Hovhannes Hisarian (, ; born 1827 in Constantinople, Ottoman Empire – died 1916 in Constantinople, Ottoman Empire) was an Ottoman Armenian writer, novelist, archeologist, editor, and educator. He was considered the first Armenian romantic novelist.

Biography 

Hovhannes Hisarian was born and educated in Constantinople. After completing his studies, he became a teacher and professor in many Ottoman public educational institutions. On January 1, 1851 he started and became chief editor of a monthly periodical called Panaser (Philologist).  The goal of this periodical was to "enlighten, educate, and further progress the nation." After operating for a year, it ceased its operations.
He then founded a French periodical called Journal Asiatic de Constantinople (Asiatic Journal of Constantinople).
He died in Constantinople in 1916 at the age of 89.

Writing career 

Hovhannes Hisarian is considered the first Armenian romantic novelist in the vernacular Ashkharhabar dialect because of his novel Khosrov yev Makruhi (Khosrov and Makruhi, 1851).
The story is about a fictional family who undergo a considerable number of problems due to their personal interests, jealousy, love, and betrayal.
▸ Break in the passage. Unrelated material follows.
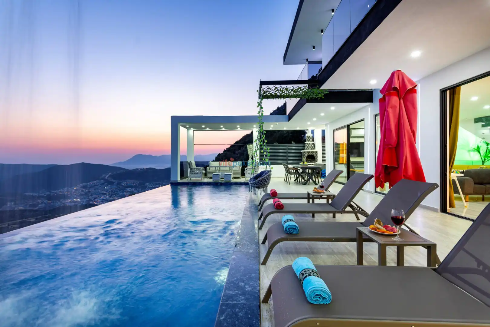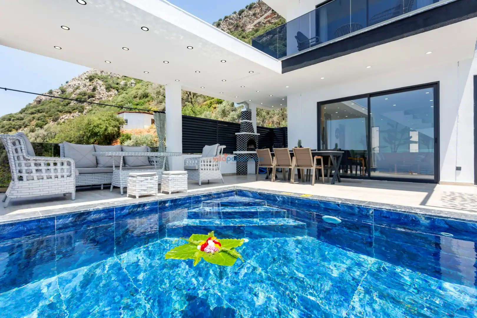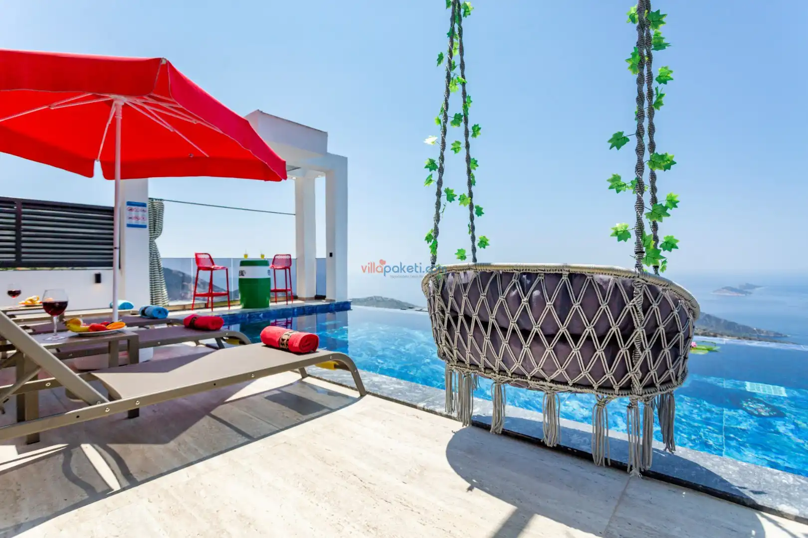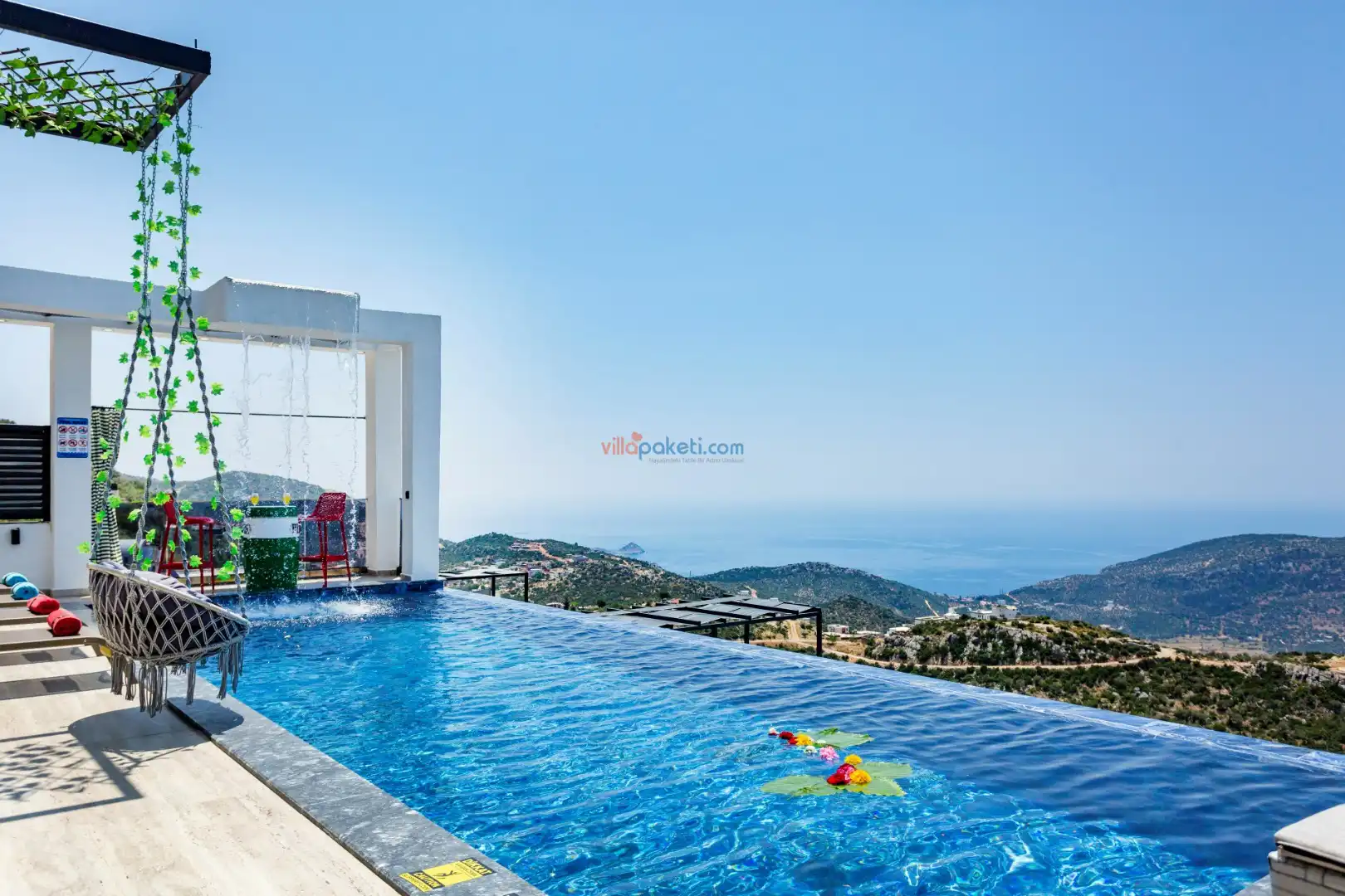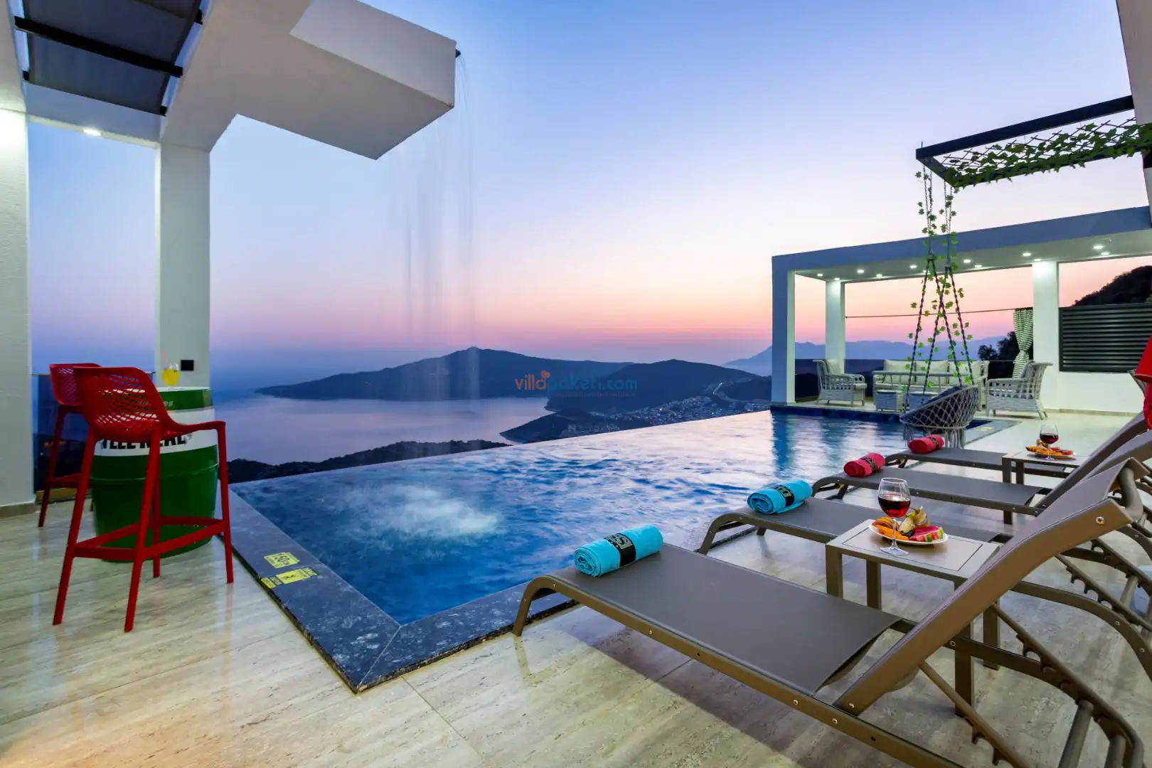 Villanın açık alanının arka tarafında çocuklar için kaydırak ve trambolin bulunur. Havuzun bulunduğu ön tarafta ise ferah bir oturma alanı, yemek masası, şelale gibi detaylar yer alır. Havuz terası gün boyunca güneş alır. Üstelik gün batımı için harika bir seyir terası olma özelliği taşır.

His second novel, Nern Kam Kataratz Ashkhari (The Antichrist, or the end of the world, 1867) was also written in the same style as Khosrov Yev Makruhi, however the plot and storyline was about religious and metaphysical sentiment.

Even though he tends to write in the Ashkharhabar vernacular, he has published some of his poetry in the Classical Krapar dialect as well. These poems are collected in a volume called Tivan Vor E Dagharan (The Divan Which is Poetry, 1909).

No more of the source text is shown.